List Of Abbreviations: particulate matter (PM2.5 and PM10); acute exacerbation of chronic obstructive pulmonary disease (AECOPD); Chronic obstructive pulmonary disease (COPD); Preferred Reporting Items for Systematic Reviews and Meta-Analyses (PRISMA); Effect sizes [Citation48]; confidence intervals (CIs)

Relevance to clinical practice

Short-term exposure to PM2.5 and PM10 were reported to increase the burden of AECOPD significantly. Therefore, this study aimed to conduct a meta-analysis to explore whether PM2.5 and PM10 were associated with AECOPD hospitalization, emergency room visit, and outpatient visit. The results showed that the risk of AECOPD events (hospitalization, emergency room visit, and outpatient visit) was significantly increased with an increment of 10 µg/m3 in PM2.5 and PM10 from lag0 to lag7.

Impact statement

What does this paper contribute to the wider global clinical community?

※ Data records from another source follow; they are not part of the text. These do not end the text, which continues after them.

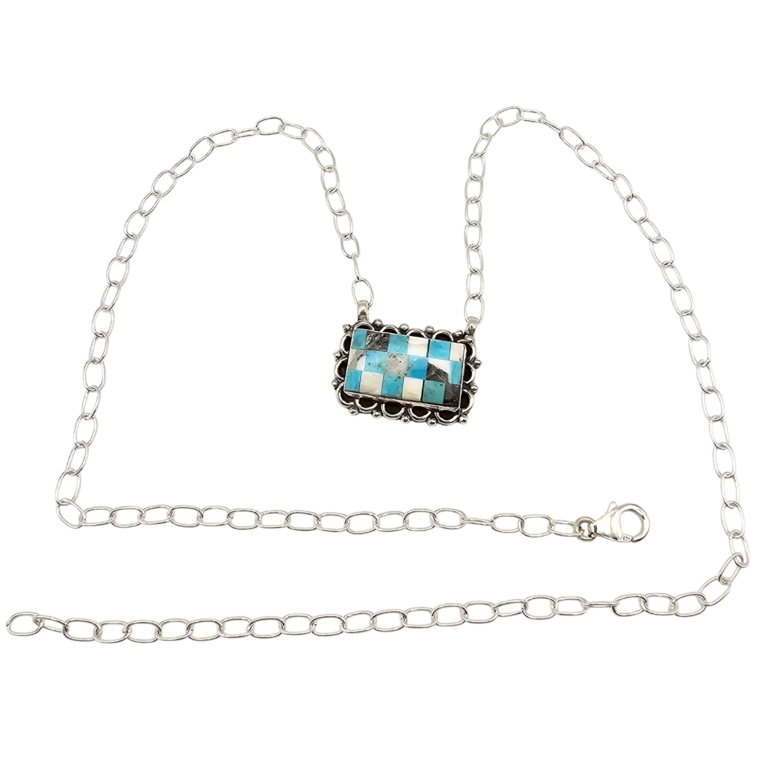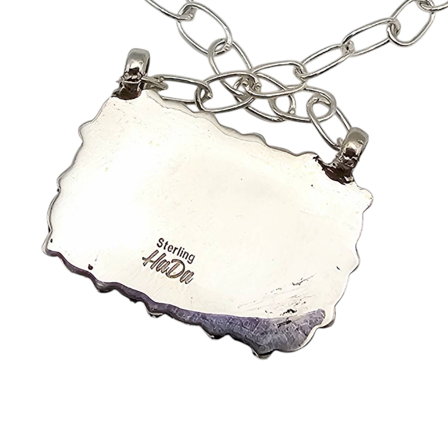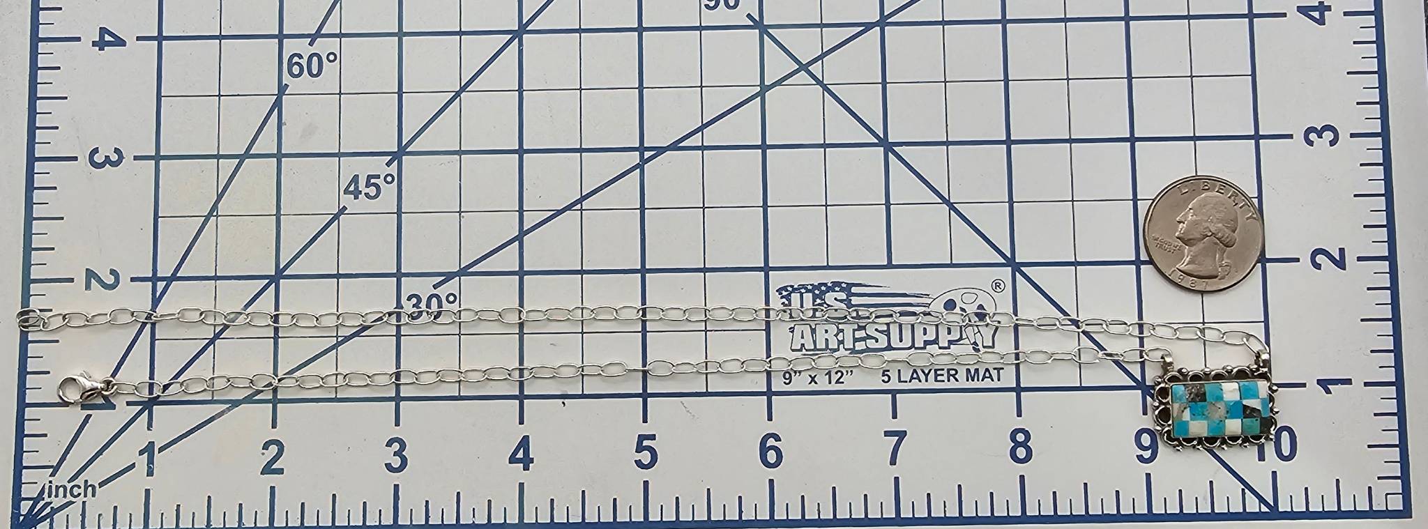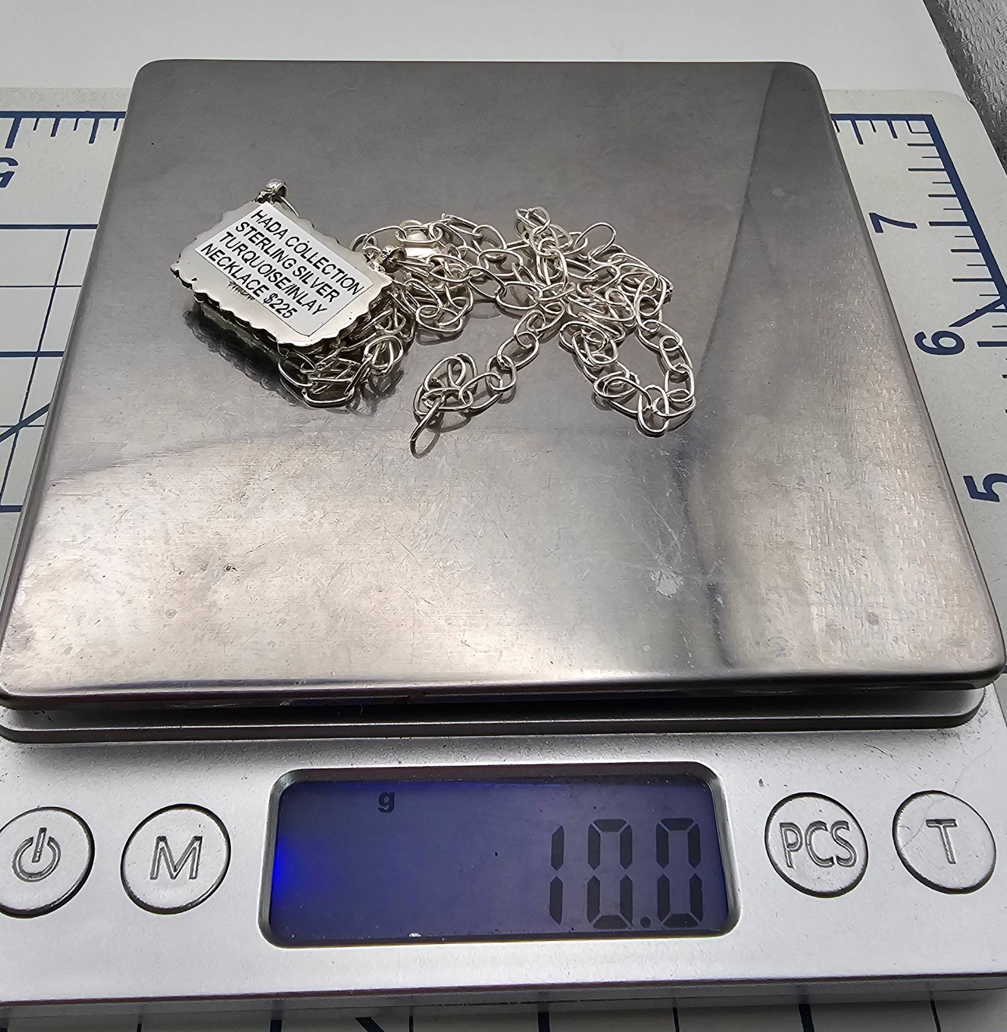 Hada Collection sterling silver necklace featuring a central pendant with turquoise and inlay design. The pendant is rectangular with decorative edges and marked ‘Sterling Hada’ on the back. The chain is made of sterling silver with a lobster clasp. Total weight of the necklace is 10 grams. Original price on the tag indicates $225.
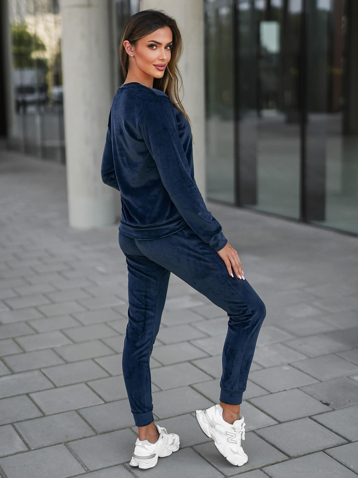 Komplet dresowy damski welurowy granatowy OZONEE O/8C1173/25
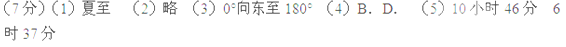 (5)若该日甲地(20°N,50°E)的昼长为13时14分,则乙地(20°S,130°W)的昼长为?,

The results showed that an increment of 10 µg/m3 in particulate matter PM2.5 and PM10 from lag0 to lag7 might significantly increase the AECOPD events, including hospitalization, emergency room, and outpatient visits.

Author contributions

Niuniu Li and Liyun Wang carried out the studies, participated in collecting data, and drafted the manuscript. Niuniu Li and Liyun Wang performed the statistical analysis and participated in its design. Kun Ji and Jianling Ma participated in the acquisition, analysis, or interpretation of data and drafted the manuscript. All authors read and approved the final manuscript.

Declaration of interest

The authors report no conflict of interest.

Statement

Manuscripts have been read and approved by all authors to meet the authorship requirements of this journal, and each author believes that the manuscript represents honest work if that information is not provided in another form.

Health and safety

This study does not involve any experimental operations, so there are no risks that might be involved in experiments or procedures, or that might involve instructions, materials, or formulas. This article complies with the relevant rules.

Data availability statement

The authors confirm that the data supporting the findings of this study are available within the article [and/or] its supplementary materials.

Additional information

Funding

This work was supported by the National Natural Science Foundation of China (No.81373588) and Beijing University of Chinese Medicine (2018-JYbZZ-JS144).